Thomas Pfeiffer (Bloomberg) -- French billionaire Xavier Niel is joining rival Patrick Drahi in taking his phone company private after customer losses and heavy spending sent its shares into a steady decline.
Iliad SA shares jumped as much as 62% to Niel’s offer price of 182 euros. The deal values Iliad at about 10.85 billion euros ($12.9 billion), according to Bloomberg calculations.
Iliad shook up the French market more than two decades ago with its low-cost cable TV and Internet services. Lately the industry’s focus has shifted to combined fiber broadband, mobile and TV, forcing Iliad to redouble its network investment.
“Telecoms is already a low growth industry and Iliad will also inevitably face that,” said Bloomberg Intelligence analyst Erhan Gurses.
Note from DCK: Iliad also owns the French data center provider Scaleway, which offers colocation, cloud, and bare-metal services.
Rock-bottom interest rates have made it cheaper for owners to withdraw their businesses from the constant scrutiny of equity markets.

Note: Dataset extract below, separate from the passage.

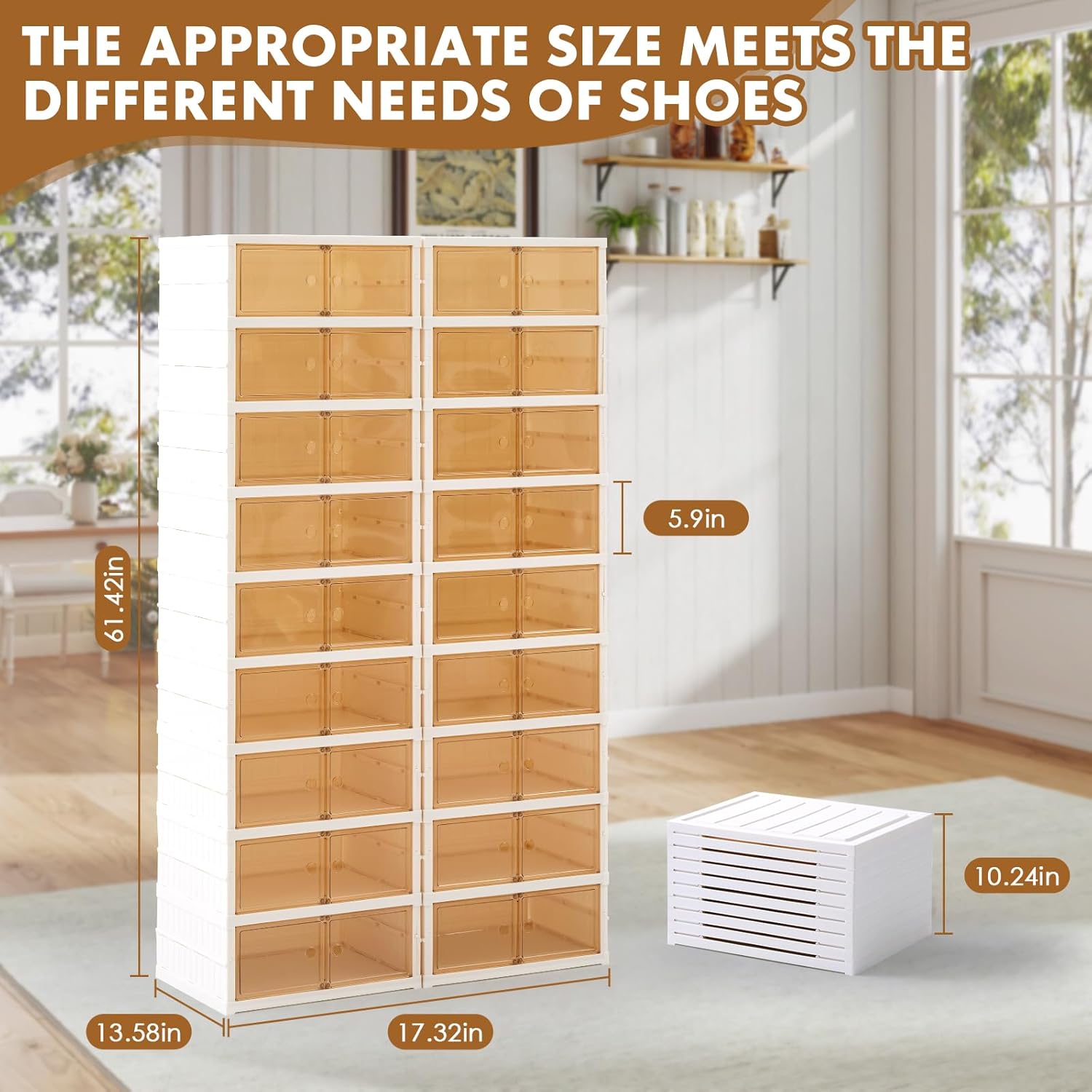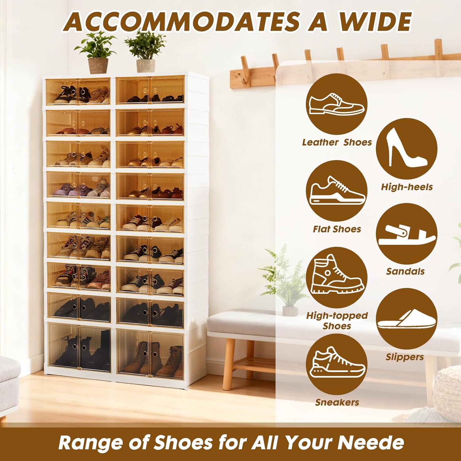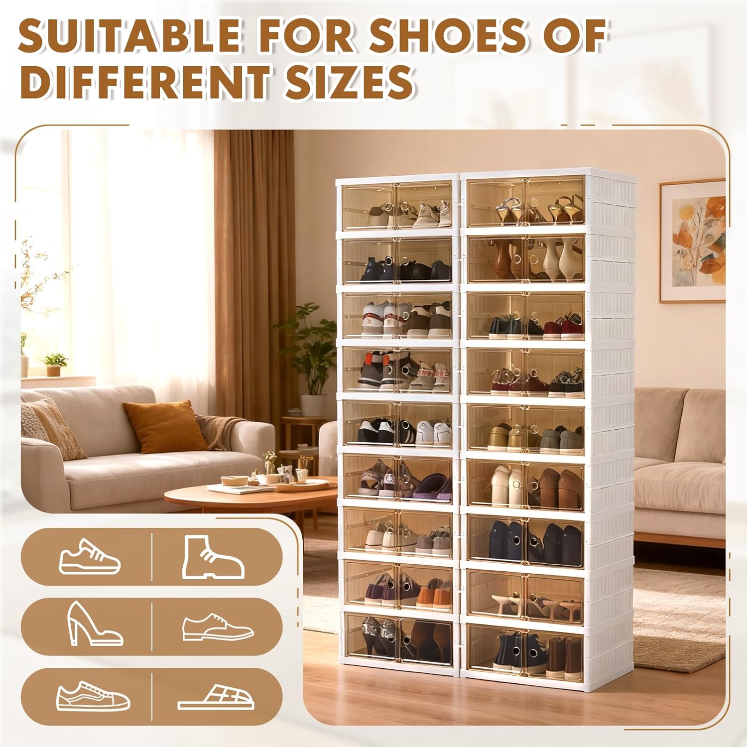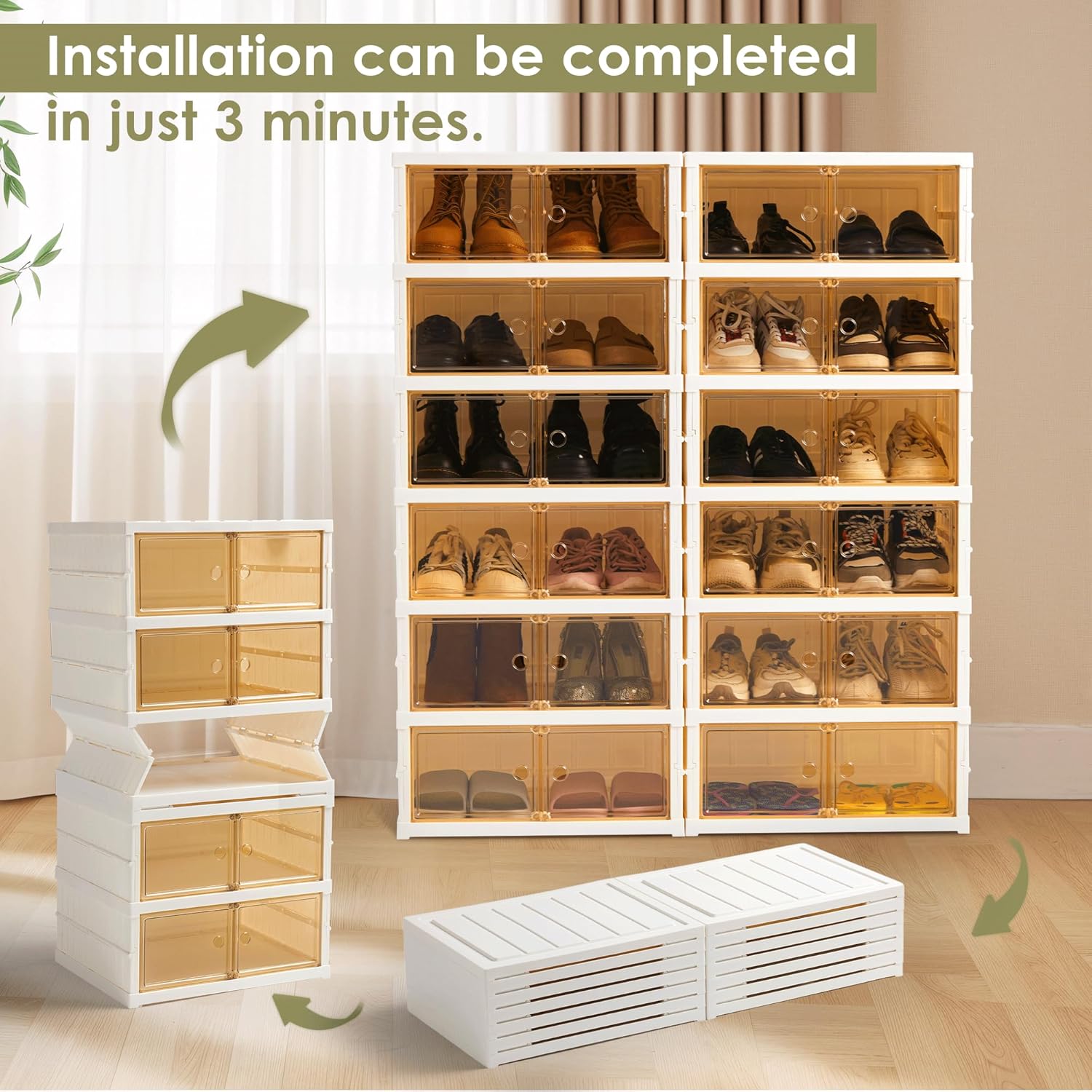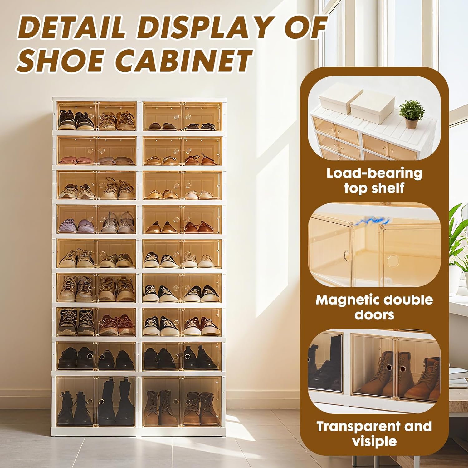 SAYMA 6 Tiers-24 Pairs Foldable Shoe Cabinet with Doors & Wheel 10Grids + 2Large grids Collapsible Shoe Rack Organizer Large Plastic Folding Shoe Cabinet for Entryway Living Room (6 Tiers-24 Pairs)

Drahi took his Altice Europe NV vehicle private in January, partly as a way to avoid paying for promised stock buybacks and focus his spending on reducing debt and network investments. Germany’s Oliver Samwer is also attempting to take his tech incubator Rocket Internet SE off the stock market.
Iliad’s shares have lost almost a third of their value in the past 12 months. New Street Research analysts put Iliad’s fair value at 220 euros a share. “In reality though, shareholders are likely to tender in our view given the recent share price performance,” they said in a note.
The industry has fallen out of favor with equity investors in recent years as it gears up for big spending on 5G wireless and fiber networks. While they are needed for carriers to remain competitive, national regulators are likely to limit returns on those investments.
The pandemic-driven surge in home working has driven home the importance of the networks that drive the digital economy, yet phone companies’ profits have barely budged due to fixed-price data plans and fierce competition.Shares in French rival Orange SA, which is set to be the only listed pure-play national telecoms operator left in France, rose 1%.
The Iliad take-private may help to stabilize market prices in France, yet “competition with private competitors may also heighten Orange’s capex risk, given Altice and Iliad may be bolder with network investments under private ownership,” said Gurses at BI.
Deals for European companies in tech, telecom and media have surged in the last two years, with buyers agreeing to spend about $124 billion so far in 2021, keeping pace with last year’s record, according to data compiled by Bloomberg. Acquirers offered about $215 billion for European companies in the industry in 2020, the most in 20 years.
Niel owns around 71% of Iliad through his holding company, according to Friday’s statement. He’s resorting to the junk bond market to help finance the buyout. A 3.6 billion-euro bridge loan via the holding entity arranged by BNP Paribas, Credit Agricole CIB, JPMorgan and Societe Generale will eventually be replaced by high-yield debt, according to a draft prospectus.
Some Iliad notes were having their worst day since last year’s coronavirus selloff, with a 650 million-euro security due in 2024 falling 1 cent to around 100.9, its biggest drop since March 2020.
Iliad’s new Italian business has begun to turn a profit and Niel now has his sights on Poland, where it’s offered to buy Liberty Global Plc’s operation in the country for around $1.9 billion to expand its fixed-line business there.
“Iliad is now entering a new phase in its development, requiring rapid changes and major investments which will be easier to undertake as an unlisted company,” Niel said in the statement.